自分ごととして、チューリップ不動産をより良くしていってほしいという考えから、外国人スタッフの方には自分の得意分野でプロジェクトを持ってもらうという。

最後に話を伺ったジャンさんはタイ出身。

日本に来たばかりのころ、シェアハウスを探していたときにチューリップ不動産のことを知り、3年前から働いている。

デザイナーの仕事をしていた経験を活かし、シェアハウスの内装デザインや、Webマーケティングなどのプロジェクトを担当しているそう。

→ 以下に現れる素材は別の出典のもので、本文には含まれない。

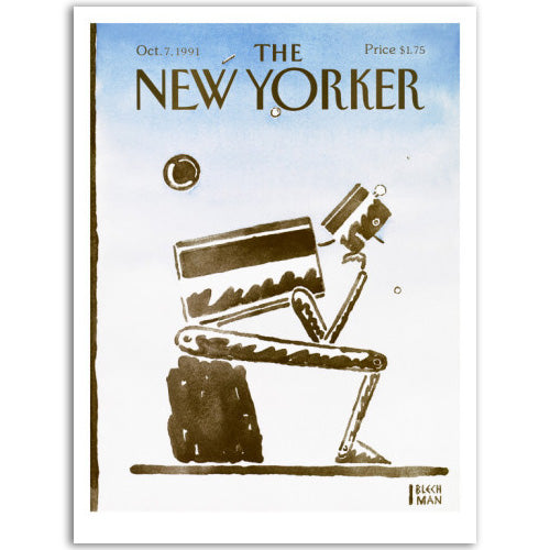 A robot, with a light bulb on top of its head, sits imitating Rodin's sculpture, 'Thinker.' R. O. Blechman has contributed 14 covers to The New Yorker, and remains an acclaimed illustrator, animator, and author. Elected to The New York Art Directors Hall of Fame, The Museum of Modern Art held a retrospective of his animated films in 2003. The National Cartoonists Society gave Blechman a Lifetime Achievement Award in 2011. Two years later his work was given a retrospective exhibition R.O. Blechman: The Inquiring Line: at The Norman Rockwell Museum.
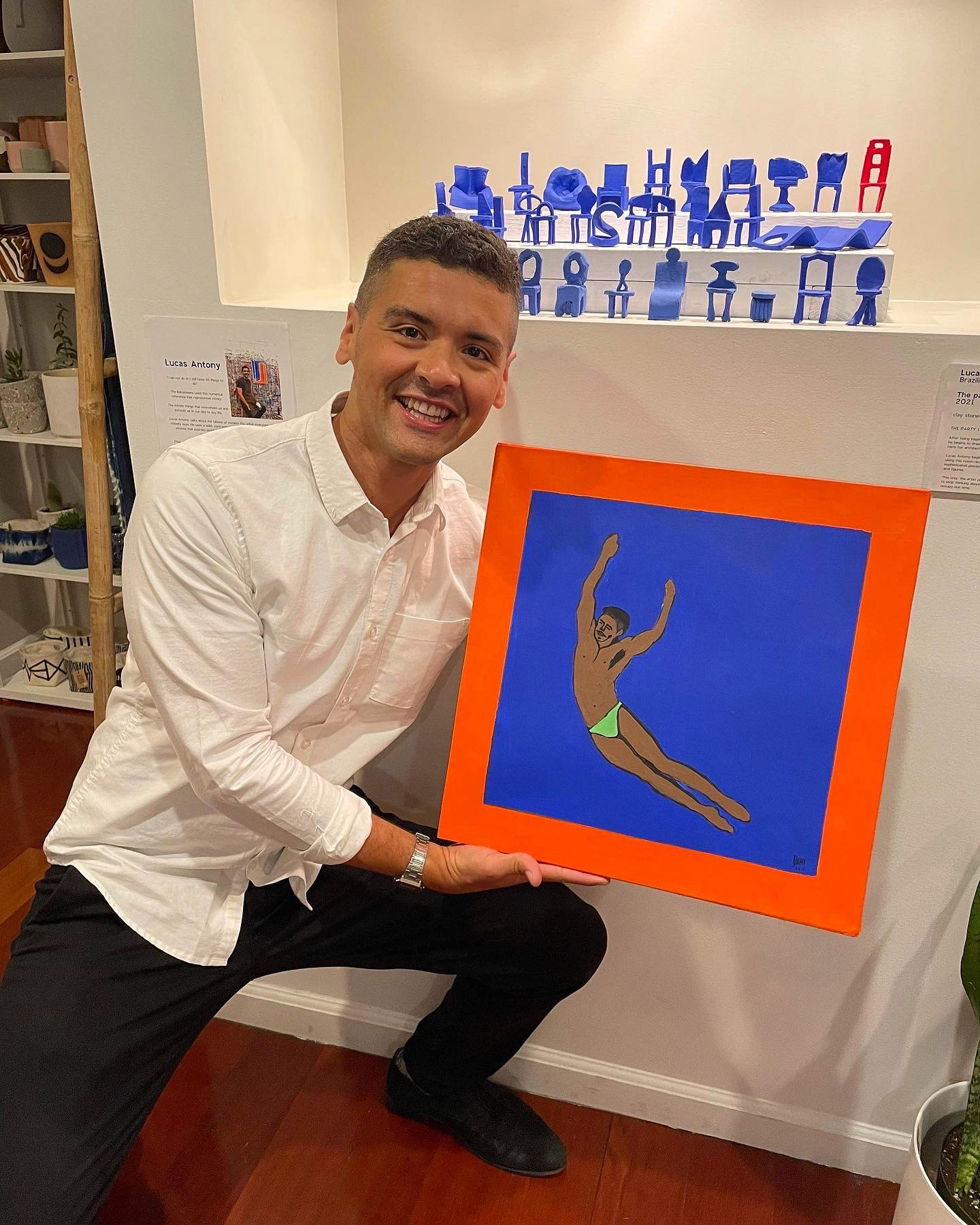 “Through my art, I share my personal experiences around the world, exploring different media to express my unique vision. Each work reflects my perspective on places I have visited and moments I have lived, always guided by the high contrast and intensity of the colors that define my work. My goal is to transport the viewer into my orange and blue universe, where simplicity and beauty come together to evoke joy and connection.”

「水谷さんとはじめて会ったときに、シェアハウスのことや日本での暮らしのことをいろいろ教えてもらって。誠実で、親しみやすい人だなと感じました」

「日本の会社は、オーバーワークとか、ちょっとダークサイドの印象もある(笑)。でもここはみんな優しいし、自分の仕事をちゃんとしたら、いろんなプロジェクトができる。だから続けてこられたかな」



基本的には、根気強く積み重ねていく仕事だと思います。

華やかなことのほうがずっと少ないです。

ただ、困ったときには気軽に相談できるチームがここにはあります。お互いの考えを率直に交わし合うから、気持ちのいい関係性でいられるのかもしれません。